Italy must face this game with the same willing shown in their last two outings in this year’s campaign, and learn from their mistakes. They could also learn a lot from the spirit of that famous win over Scotland eight years ago.

They will need a bit of luck to return to Rome with a victory, but they have to remain focused on the result for the whole match, rather than switching off after an hour as has happened far too many times in the past.

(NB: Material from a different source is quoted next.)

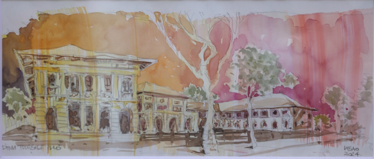 Bức tranh toàn cảnh Dinh Thượng Thơ của Bùi Hoàng Bảo, vẽ năm 2024.

Italy squad for Scotland (31):

Forwards (17): Matías Agüero (Zebre Rugby), Dario Chistolini (Zebre), Lorenzo Cittadini (London Wasps), Alberto de Marchi (Sale Sharks), Leonardo Ghiraldini (Leicester Tigers), Andrea Manici (Zebre), George Fabio Biagi (Zebre), Marco Bortolami (Zebre), Joshua Furno (Newcastle Falcons), Marco Fuser (Benetton Treviso), Antonio Pavanello (Benetton Treviso), Marco Barbini (Benetton Treviso), Mauro Bergamasco (Zebre), Simone Favaro (Benetton Treviso), Francesco Minto (Benetton Treviso), Sergio Parisse (Stade Français, captain), Samuela Vunisa (Zebre).

Backs (14): Edoardo Gori (Benetton Treviso), Guglielmo Palazzani (Zebre), Marcello Violi (Cammi Calvisano), Tommaso Allan (USAP Perpignan), Kelly Haimona (Zebre), Enrico Bacchin (Benetton Treviso), Giulio Bisegni (Zebre), Tommaso Boni (Marchiol Mogliano), Luke Mclean (Sale Sharks), Luca Morisi (Benetton Treviso), Simone Ragusi (Benetton Treviso), Leonardo Sarto (Zebre), Giovambattista Venditti (Zebre), Michele Visentin (Zebre).